Ketorolac has been associated with a lower risk of recurrence in retrospective studies, especially in patients with positive inflammatory markers. It is still unknown whether a single dose of pre-incisional ketorolac can prolong recurrence-free survival.
The KBC trial is a multicenter, placebo-controlled, randomized phase III trial in high-risk breast cancer patients powered for 33% reduction in recurrence rate (from 60 to 40%). Patients received one dose of ketorolac tromethamine or a placebo before surgery. Eligible patients were breast cancer patients, planned for curative surgery, and with a Neutrophil-to-Lymphocyte Ratio≥4, node-positive disease or a triple-negative phenotype. The primary endpoint was Disease-Free Survival (DFS) at two years. Secondary endpoints included safety, pain assessment and overall survival.
Between February 2013 and July 2015, 203 patients were assigned to ketorolac (n = 96) or placebo (n = 107). Baseline characteristics were similar between arms. Patients had a mean age of 55.7 (SD14) years. At two years, 83.1% of the patients were alive and disease free in the ketorolac vs. 89.7% in the placebo arm (HR: 1.23; 95%CI: 0.65-2.31) and, respectively, 96.8% vs. 98.1% were alive (HR: 1.09; 95%CI: 0.34-3.51).

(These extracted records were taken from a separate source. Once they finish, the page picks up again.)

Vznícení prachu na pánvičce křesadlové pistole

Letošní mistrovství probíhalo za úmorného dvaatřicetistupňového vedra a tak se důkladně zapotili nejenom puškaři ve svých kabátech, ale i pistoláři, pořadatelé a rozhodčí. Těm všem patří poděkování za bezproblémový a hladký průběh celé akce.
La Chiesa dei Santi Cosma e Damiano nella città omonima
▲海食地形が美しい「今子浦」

A single administration of 30 mg of ketorolac tromethamine before surgery does not increase disease-free survival in high risk breast cancer patients. Overall survival difference between ketorolac tromethamine group and placebo group was not statistically significant. The study was however underpowered because of lower recurrence rates than initially anticipated. No safety concerns were observed.
ClinicalTrials.gov NCT01806259.
在回顾性研究中,酮咯酸与较低的复发风险相关,尤其是在炎症标志物阳性的患者中。目前尚不清楚单次术前使用酮咯酸能否延长无复发生存期。

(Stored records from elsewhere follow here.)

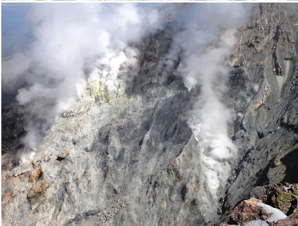
写真5 奥の院からの地獄谷内の噴火口全景（上）とその一部の拡大（下）.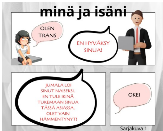
Kuva 1. Sarjakuvassa ilmenee hengellistä syrjintää isän taholta.

kokemukset ovat kirjoitettu punaisella ja positiiviset hyväksyvät kokemukset ovat kirjoitettu sinisellä tekstillä. Saavutettavuuden ja nuorten henkilöllisyyden suojaamisen vuoksi olen tehnyt sarjakuvat Canva-kuvankäsittelyohjelmalla uudelleen mukailleen nuorten tekemiä sarjakuvia. Nuorten kirjoittamat tekstit ovat pysyneet täysin samoina. Kuvia olen selkeyttänyt, muuttanut värimaailman ja käsin kirjoitetut tekstit saavutettavammiksi. Sarjakuvat ovat alla.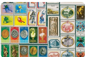
列支敦士登邮票博物馆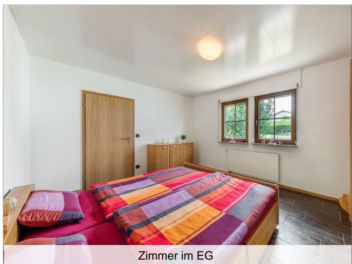
Zimmer im EG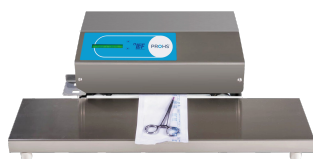
TS 45DN avec Plateau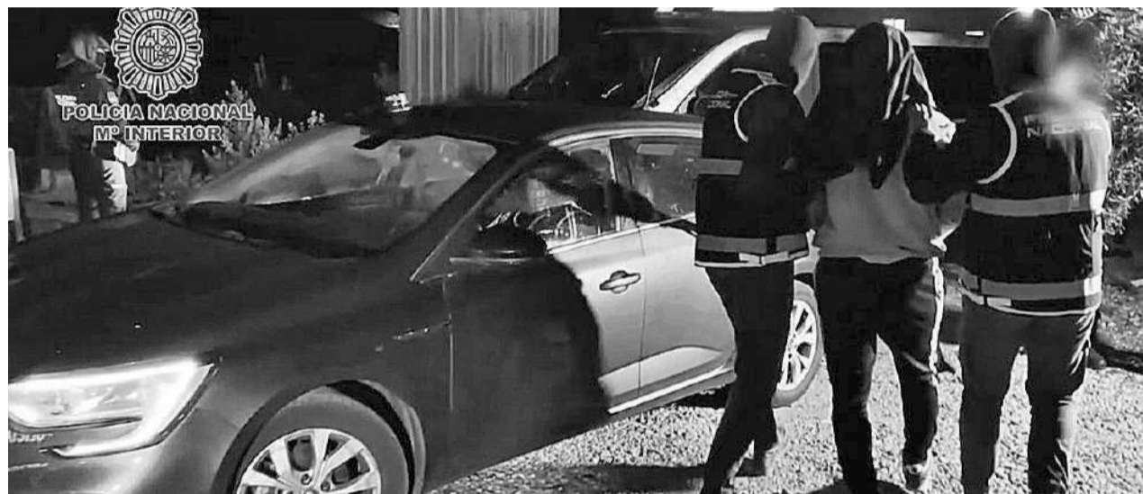
Imagen de archivo de la detención de un hombre por presunto yihadismo en Almería.

Su acceso a la academia no fue directo. Ha-

KBC 试验是一项多中心、安慰剂对照、随机 III 期临床试验,旨在高危乳腺癌患者中降低 33%的复发率(从 60%降至 40%)。患者在手术前接受一次酮咯酸托品或安慰剂治疗。符合条件的患者为计划行根治性手术的乳腺癌患者,中性粒细胞与淋巴细胞比值≥4、淋巴结阳性疾病或三阴性表型。主要终点为两年时的无病生存(DFS)。次要终点包括安全性、疼痛评估和总生存。

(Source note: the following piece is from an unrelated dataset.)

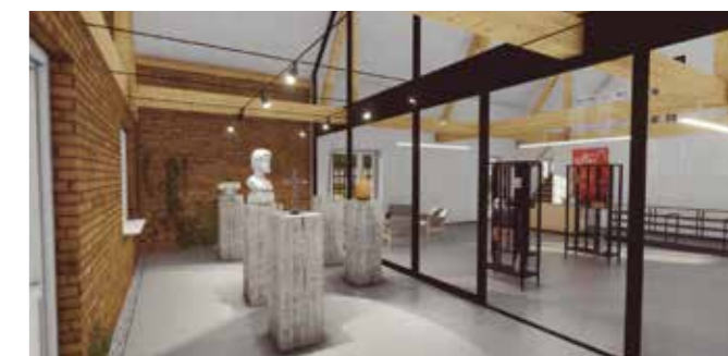
Vizualizacija budućeg centra za posjetitelje u preuređenom objektu budućeg TIC-a

2013 年 2 月至 2015 年 7 月,203 例患者被分配至酮咯酸组(n=96)或安慰剂组(n=107)。两组患者的基线特征相似。患者的平均年龄为 55.7(SD14)岁。两年时,酮咯酸组 83.1%的患者存活且无疾病,安慰剂组为 89.7%(HR:1.23;95%CI:0.65-2.31),相应地,96.8%的患者存活,安慰剂组为 98.1%(HR:1.09;95%CI:0.34-3.51)。
手术前单次给予 30mg 酮咯酸托品不能增加高危乳腺癌患者的无病生存率。酮咯酸托品组与安慰剂组的总生存差异无统计学意义。然而,由于复发率低于预期,该研究的效力不足。未观察到安全性问题。
ClinicalTrials.gov NCT01806259。